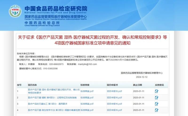 12月12日,國家藥監局醫療器械標管中心發布《醫療產品滅菌濕熱醫療器械滅菌過程的開發、確認和常規控制要求》《醫療產品滅菌 輻射 第4部分:過程特征及控制指南》《醫療產品的無菌加工第1部分:通用要求》《醫療產品滅菌 微生物學方法 第3部分:細菌內毒素檢查》共4醫療器械國家標準立項申請意見的通知,同時隨附了各項標準草案,并向社會公開征求意見。
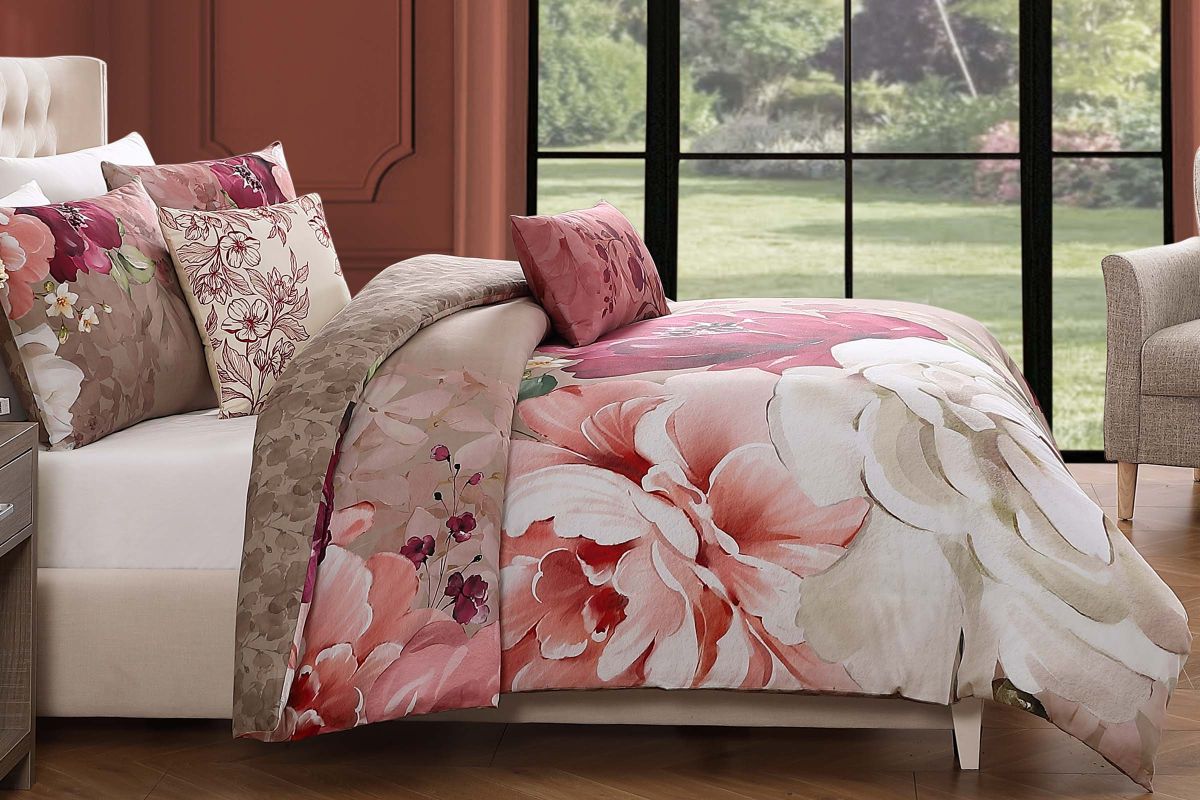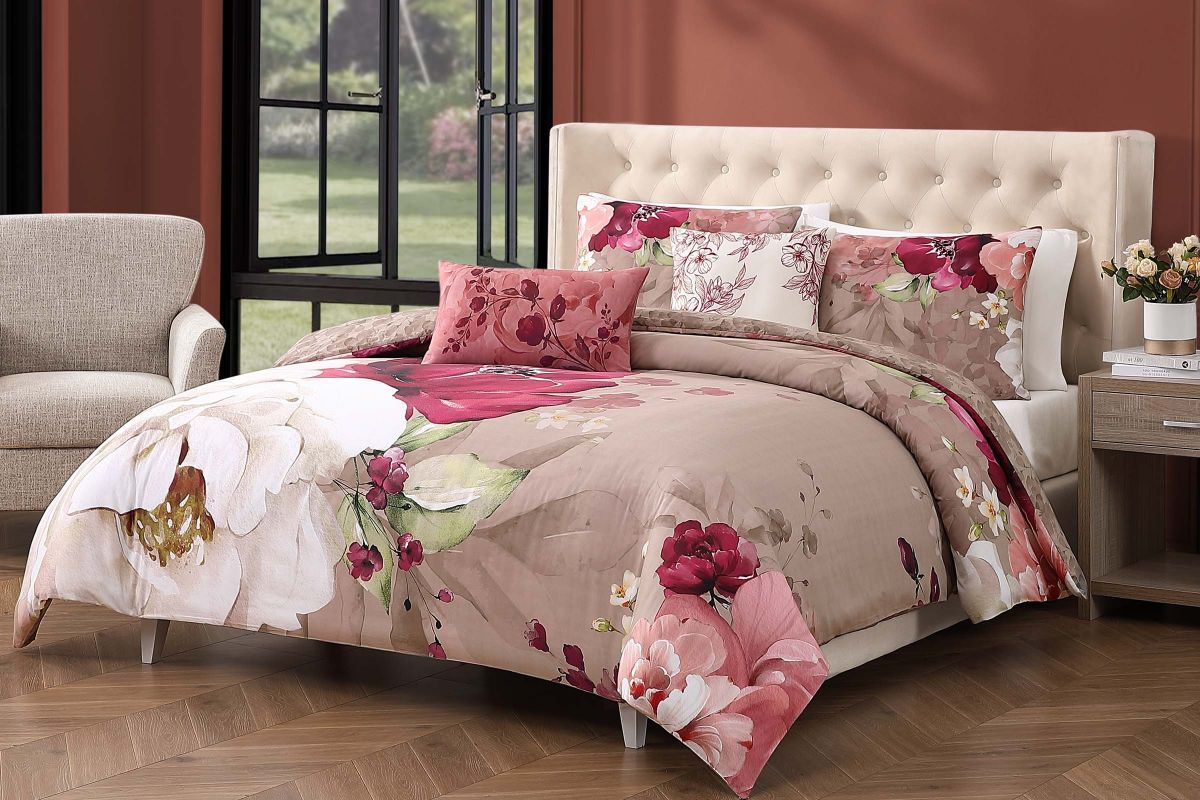 Grand flowers in calming, warm tones of wine, blush and ivory sit on a printed linen texture, the color of sand dunes, for the Bebejan Florence 5 Piece Reversible Comforter Set. The reverse print has a subtle tonal leaf print that coordinates beautifully with the front, but can be used as a second look for your bedroom. The comfy 100% cotton sateen comforter set also includes 2 shams, a gorgeous cinnamon toned floral 22" x 12" oblong pillow, and an 18" x 18" square pillow with stunning, wine colored, embroidered flowers on an ivory background.
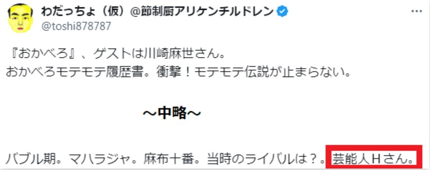 2024年8月に関西テレビ制作のトーク番組「おかべろ」に川崎麻世さんが登場した際、「芸能人H」が若い頃のライバルだったと打ち明けていました。
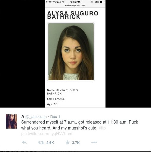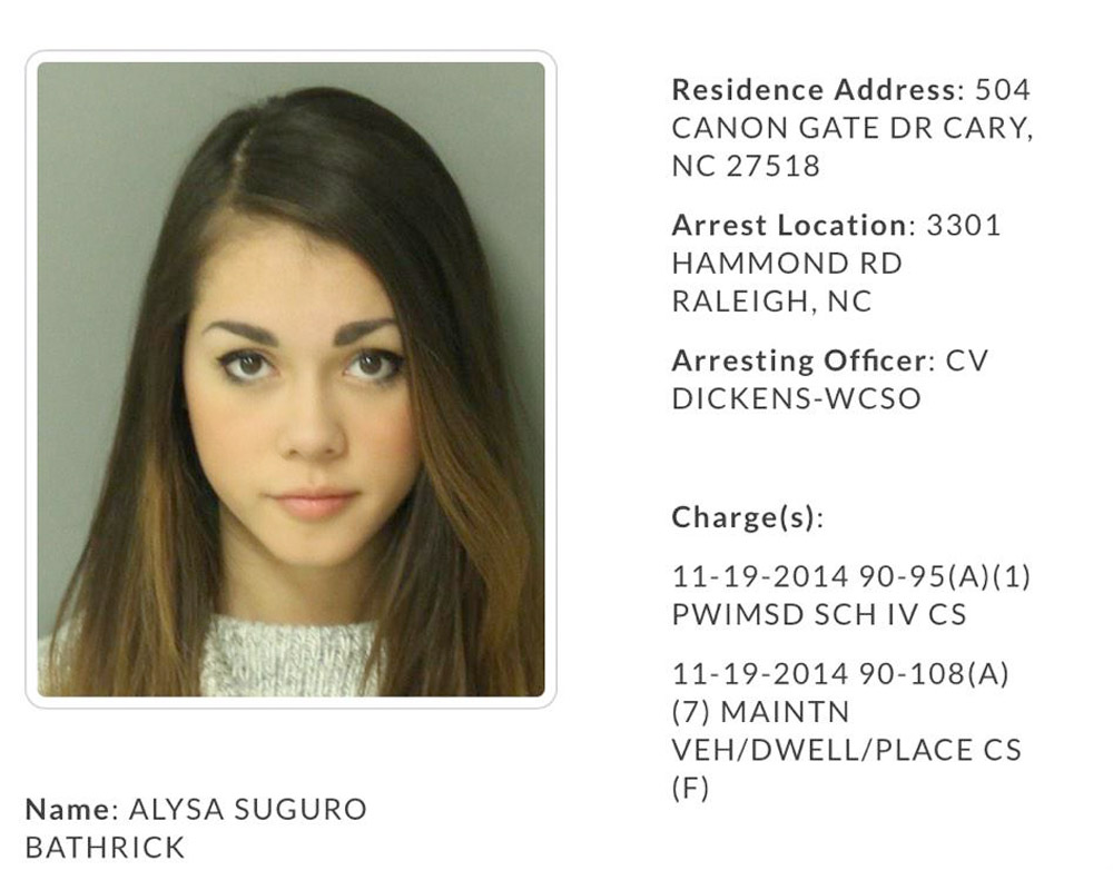 Ο λόγος για την 18χρονη Alysa Suguro Bathrick από τη Βόρεια Καρολίνα των ΗΠΑ η οποία συνελήφθη πριν από μερικές ημέρες για κατοχή ποσότητας μη συνταγογραφούμενων χαπιών.

-.-.-

■ What needs to be done
If the data includes images, skip them and copy every line exactly.

■ Task response
 12月12日,國家藥監局醫療器械標管中心發布《醫療產品滅菌濕熱醫療器械滅菌過程的開發、確認和常規控制要求》《醫療產品滅菌 輻射 第4部分:過程特征及控制指南》《醫療產品的無菌加工第1部分:通用要求》《醫療產品滅菌 微生物學方法 第3部分:細菌內毒素檢查》共4醫療器械國家標準立項申請意見的通知,同時隨附了各項標準草案,并向社會公開征求意見。
 Grand flowers in calming, warm tones of wine, blush and ivory sit on a printed linen texture, the color of sand dunes, for the Bebejan Florence 5 Piece Reversible Comforter Set. The reverse print has a subtle tonal leaf print that coordinates beautifully with the front, but can be used as a second look for your bedroom. The comfy 100% cotton sateen comforter set also includes 2 shams, a gorgeous cinnamon toned floral 22" x 12" oblong pillow, and an 18" x 18" square pillow with stunning, wine colored, embroidered flowers on an ivory background.
 2024年8月に関西テレビ制作のトーク番組「おかべろ」に川崎麻世さんが登場した際、「芸能人H」が若い頃のライバルだったと打ち明けていました。
 Ο λόγος για την 18χρονη Alysa Suguro Bathrick από τη Βόρεια Καρολίνα των ΗΠΑ η οποία συνελήφθη πριν από μερικές ημέρες για κατοχή ποσότητας μη συνταγογραφούμενων χαπιών.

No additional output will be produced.